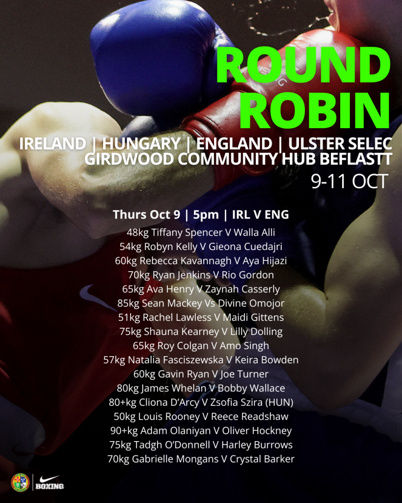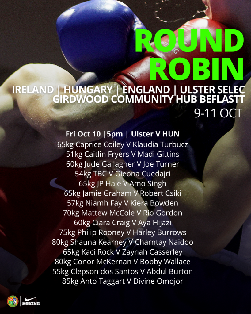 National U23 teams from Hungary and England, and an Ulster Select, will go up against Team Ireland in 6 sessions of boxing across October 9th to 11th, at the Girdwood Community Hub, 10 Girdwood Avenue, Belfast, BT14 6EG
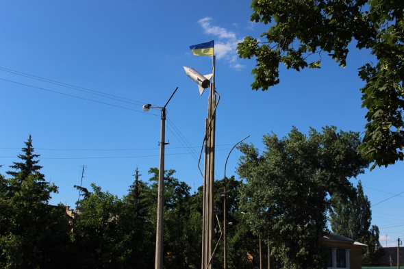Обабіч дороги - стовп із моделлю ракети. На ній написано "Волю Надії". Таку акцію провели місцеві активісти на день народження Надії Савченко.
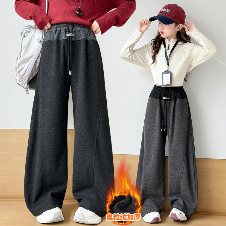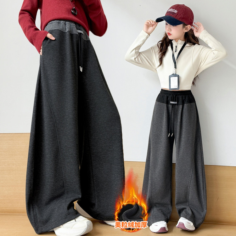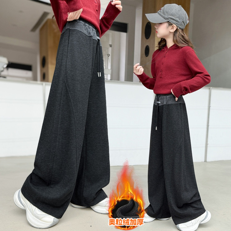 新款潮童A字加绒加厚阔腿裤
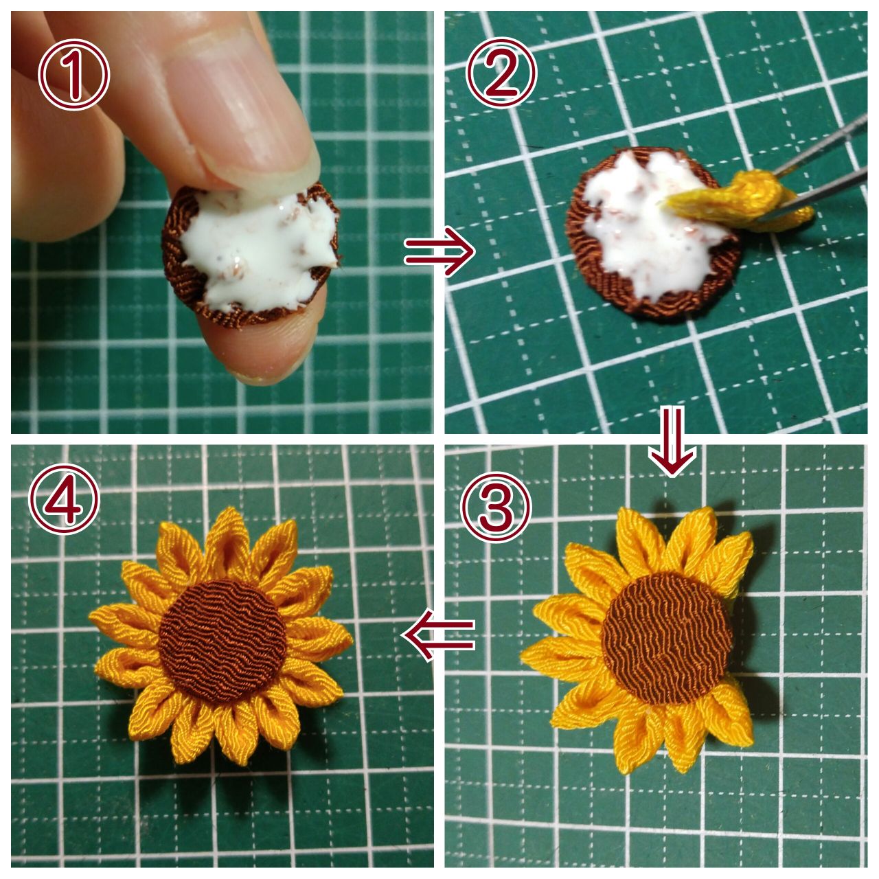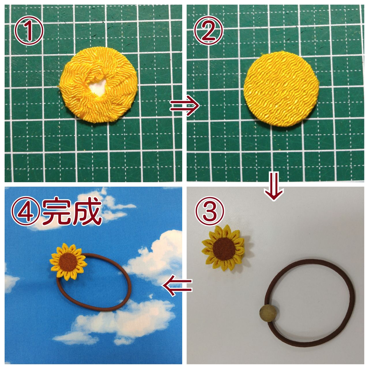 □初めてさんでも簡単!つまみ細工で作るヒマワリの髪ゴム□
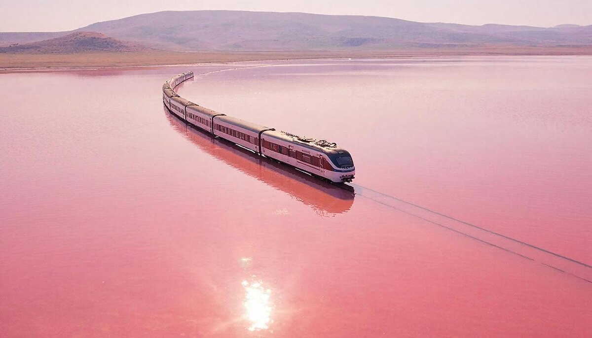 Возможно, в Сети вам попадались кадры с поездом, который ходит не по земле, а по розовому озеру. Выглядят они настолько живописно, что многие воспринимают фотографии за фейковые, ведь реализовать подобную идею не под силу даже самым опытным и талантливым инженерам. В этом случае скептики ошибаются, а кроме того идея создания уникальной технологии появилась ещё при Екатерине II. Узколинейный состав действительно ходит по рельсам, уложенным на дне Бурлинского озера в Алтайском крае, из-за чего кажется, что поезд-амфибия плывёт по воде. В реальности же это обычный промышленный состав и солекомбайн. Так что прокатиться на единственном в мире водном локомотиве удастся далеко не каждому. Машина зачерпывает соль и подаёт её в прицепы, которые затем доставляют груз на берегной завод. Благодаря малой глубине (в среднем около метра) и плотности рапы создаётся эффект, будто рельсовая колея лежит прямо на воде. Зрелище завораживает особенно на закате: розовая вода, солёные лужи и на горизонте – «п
- - -
Assigned task
Text only, pictures out: give every record again as written.

Written solution
 National U23 teams from Hungary and England, and an Ulster Select, will go up against Team Ireland in 6 sessions of boxing across October 9th to 11th, at the Girdwood Community Hub, 10 Girdwood Avenue, Belfast, BT14 6EG
Обабіч дороги - стовп із моделлю ракети. На ній написано "Волю Надії". Таку акцію провели місцеві активісти на день народження Надії Савченко.
 新款潮童A字加绒加厚阔腿裤
 □初めてさんでも簡単!つまみ細工で作るヒマワリの髪ゴム□
 Возможно, в Сети вам попадались кадры с поездом, который ходит не по земле, а по розовому озеру. Выглядят они настолько живописно, что многие воспринимают фотографии за фейковые, ведь реализовать подобную идею не под силу даже самым опытным и талантливым инженерам. В этом случае скептики ошибаются, а кроме того идея создания уникальной технологии появилась ещё при Екатерине II. Узколинейный состав действительно ходит по рельсам, уложенным на дне Бурлинского озера в Алтайском крае, из-за чего кажется, что поезд-амфибия плывёт по воде. В реальности же это обычный промышленный состав и солекомбайн. Так что прокатиться на единственном в мире водном локомотиве удастся далеко не каждому. Машина зачерпывает соль и подаёт её в прицепы, которые затем доставляют груз на берегной завод. Благодаря малой глубине (в среднем около метра) и плотности рапы создаётся эффект, будто рельсовая колея лежит прямо на воде. Зрелище завораживает особенно на закате: розовая вода, солёные лужи и на горизонте – «п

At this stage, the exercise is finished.